Berikutnya, pembangunan masjid dilanjutkann oleh Kiai Nasoh bersama para santrinya dengan mendapat bantuan dari sejumlah dermawan. “Semua pembangunan kita lakukan sesuai ajaran Nabi Sulaiman, bahwa dalam pembangunan masjid tidak diperkenankan mengeluarkan suara keras. Termasuk dalam pemasangan batu-batunya,” ujarnya.

“Kalau Nabi Sulaiman menyuruh burung hud-hud mengambil besi kuning guna memotong batu agar tidak bersuara, kita hanya bisa memasang satu persatu batu bata dengan bacaan Ayat Kursi sambil berusaha tidak mengeluarkan suara sama sekali,” lanjutnya.

Satu tiang utama masjid tersebut dibantu dengan delapan tiang kecil sebagai penyangga atap pinggir masjid. Dalam peletakannya, delapan tiang tersebut ditata sedemikian rupa sehingga ketika dilihat dari berbagai sisi tampak jumlahnya sembilan tiang.

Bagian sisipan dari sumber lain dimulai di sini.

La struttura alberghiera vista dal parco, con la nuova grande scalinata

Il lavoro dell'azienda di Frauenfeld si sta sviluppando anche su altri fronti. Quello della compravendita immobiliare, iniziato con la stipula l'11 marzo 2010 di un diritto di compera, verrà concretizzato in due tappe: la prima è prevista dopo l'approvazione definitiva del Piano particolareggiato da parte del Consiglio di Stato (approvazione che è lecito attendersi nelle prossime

Menurut Kiai Nasrullah, ini merupakan simbol perjuangan Wali Sembilan dalam menyebarkan Islam di tanah Jawa dengan cara fleksibel mengikuti adat masyarakat. “Tidak radikal,” katanya.

Selain itu, di atas atap masjid dibangun beberapa sap ditempatkan gembol (akar) kayu jati sebagai mahkota. Masjid tidak menggunakan kubah dari aluminium atau semacamnya seperti yang umumnya digunakan sebagian masjid di Indonesia.

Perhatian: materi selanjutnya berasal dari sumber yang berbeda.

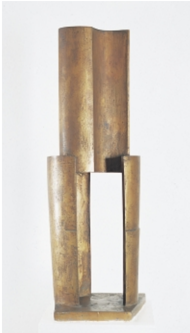
Anton Hiller 1893 München – 1985 München Torso, 1970 Bronze 104 x 35 x 31 cm Auflage: 3 Exemplare

Tak hanya itu, semua yang ada di dalam masjid tersebut juga mengandung arti. Satu tiang tersebut merupakan petunjuk bahwa setiap yang masuk dalam masjid bisa mengingat zat Allah yang Maha Satu dengan kebesaran dan ketinggiannya. Sedangkkan panjang tiang 27 meter merupakan simbol bahwa salat diwahyukan kepada Rasulullah melalui Isro’ Mi’roj pada 27 Rajab.

Lebar masjid 17 meter berarti Al Quran yang diturunkan pada tanggal 17 Ramadan, panjang masjid 40 meter berarti nabi menerima wahyu pertama pada usai 40 tahun. Sementara tiang tambahan kanan dan kiri yang berisi delapan tiang ditambah satu tiang utama menunjukkan bahwa Islam masuk di tanah Jawa atas prakarsa sembilan wali.

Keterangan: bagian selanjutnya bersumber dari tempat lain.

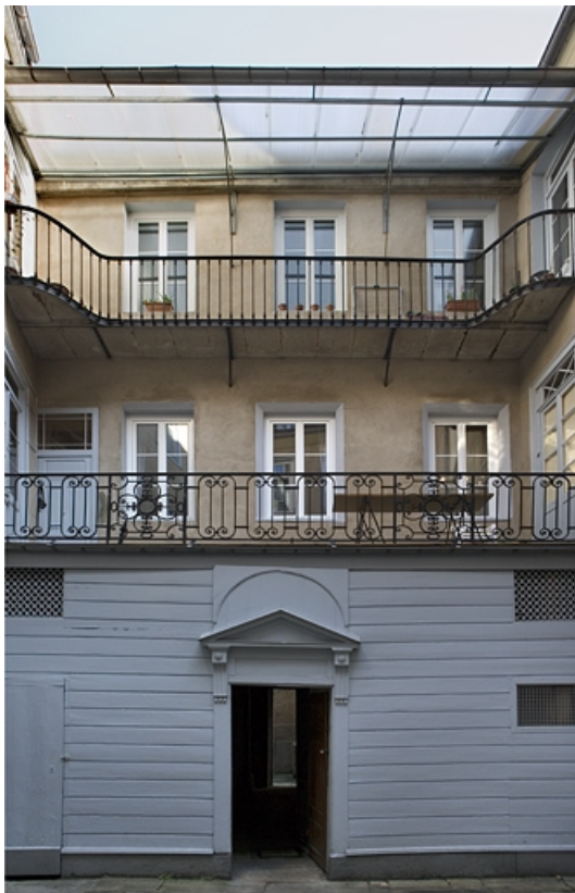
Première cour : détail de la façade principale du logis secondaire.

25, Besançon Grande Rue 119, lieudit : îlot Forum

Lambat laun, masjid ini makin dikenal masyarakat meski tempatnya berada di tengah hutan di daerah perdalaman. Termasuk Ponpes Walisongo juga semakin kesohor seantero Nusantara. Bahkan, saudara ipar Sultan Hassanah Bolkia dari Brunai Darussalam bernama Abdul Hamid, sempat nyantri selama tiga tahun di sana. Dan saat ini, jumlah santri tercatat ada 1.600 santri dari berbagai daerah di Indonesia, termasuk dari Kalimantan, Sumatera, dan daerah lainnya.